Making a RAM Disk the Main System Disk

You can use RAM to house the root file system, as shown by this example. It is assumed that you have already been able to mount a root directory through NFS. See "Mounting a Root File System over NFS" for details.

Before you get started, you must add RAM disk support to your system image. The following commands add that support, build the system image, copy the image to the download directory and reboot the ChorusOS system running on an x86 target:

$ cd build_dir
$ configurator -c conf/ChorusOS.xml -set RAM_DISK=true
$ configurator -c conf/ChorusOS.xml -set iom.ramdisk0.size=0x1600000
$ configurator -c conf/ChorusOS.xml -set iom.ramdisk.sizeMax=0x1600000
$ make chorus
$ cp chorus.bmon /tftpboot
$ rsh target reboot

In order to use RAM to house the root file system, you must first label part of the available space using disklabel(1M). disklabel uses entries in disktab(4CC) to label the disk. The following disktab entry serves to label a 4 megabyte area of RAM as a disk:

# This label can be used for a 4 megabyte RAM disk. The corresponding
# newfs command to be used with this RAM disk is:
# rsh target newfs -o space -c 26 -m 0 /dev/rd0a

rd4MegBSD:\
	:ns#32:nt#1:nc#256 \
	:pa#8192:oa#0:ta=4.2BSD:ba#8192:fa#8192 \
	:pc#8192:oc#0:tc=unused:

The default system initialization file, sysadm.ini(4CC), creates special files to access the RAM, so you probably do not need to create them yourself.
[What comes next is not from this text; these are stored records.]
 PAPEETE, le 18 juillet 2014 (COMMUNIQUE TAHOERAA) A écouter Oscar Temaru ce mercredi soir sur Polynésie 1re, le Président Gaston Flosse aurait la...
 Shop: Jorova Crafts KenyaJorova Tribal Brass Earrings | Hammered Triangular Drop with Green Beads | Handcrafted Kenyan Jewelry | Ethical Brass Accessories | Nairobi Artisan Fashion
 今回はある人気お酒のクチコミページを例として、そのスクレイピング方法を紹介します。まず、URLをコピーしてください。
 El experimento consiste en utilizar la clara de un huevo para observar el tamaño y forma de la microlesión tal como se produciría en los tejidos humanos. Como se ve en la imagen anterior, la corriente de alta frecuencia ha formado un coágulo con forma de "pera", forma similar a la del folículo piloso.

The entries to create special files may appear as follows in sysadm.ini:

# Create special files for RAM disk
mknod /dev/rrd0a c 13 0
mknod /dev/rrd0b c 13 1
mknod /dev/rrd0c c 13 2
mknod /dev/rd0a  b 13 0
mknod /dev/rd0b  b 13 1
mknod /dev/rd0c  b 13 2

The above example creates both raw and block mode special files for two user-accessible partitions, a and b, and one partition, c, for use by the system only.
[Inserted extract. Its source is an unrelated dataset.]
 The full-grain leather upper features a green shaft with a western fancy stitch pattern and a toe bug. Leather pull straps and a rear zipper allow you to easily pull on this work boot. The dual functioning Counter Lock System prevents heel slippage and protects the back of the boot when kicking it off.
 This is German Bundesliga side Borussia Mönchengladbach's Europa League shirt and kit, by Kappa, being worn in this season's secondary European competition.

Assuming the special files exist, you can proceed to label the disk and so forth. The following commands label the disk, read the label, create a file system on the disk and check the file system:

$ rsh target disklabel -w -r rd0 rd4MegBSD
$ rsh target disklabel -r rd0
# /dev/rrd0c:
type: unknown
disk: rd16Meg
label: 
flags:
bytes/sector: 512
sectors/track: 4
tracks/cylinder: 4
sectors/cylinder: 16
cylinders: 32768
rpm: 3600
interleave: 1
trackskew: 0
cylinderskew: 0
headswitch: 0		# milliseconds
track-to-track seek: 0	# milliseconds
drivedata: 0 

3 partitions:
#      size  offset fstype   [fsize bsize   cpg]
a:    32768    0    4.2BSD      0     0     0 	# (Cyl.    0 - 2047)
c:    32768    0    unused      0     0       	# (Cyl.    0 - 2047)
$ rsh target newfs /dev/rd0a
/dev/rrd0a:	32768 sectors in 8 cylinders of 1 tracks, 4096 sectors
	16MB in 1 cyl groups (16 c/g, 32MB/g, 7680 i/g)
super-block backups (for fsck -b #) at:
 32,
$ rsh target fsck -y /dev/rd0a
** /dev/rrd0a
** Last Mounted on 
** Phase 1 - Check Blocks and Sizes
** Phase 2 - Check Pathnames
** Phase 3 - Check Connectivity
** Phase 4 - Check Reference Counts
** Phase 5 - Check Cyl groups
1 files, 1 used, 15390 free (14 frags, 1922 blocks, 0.1% fragmentation)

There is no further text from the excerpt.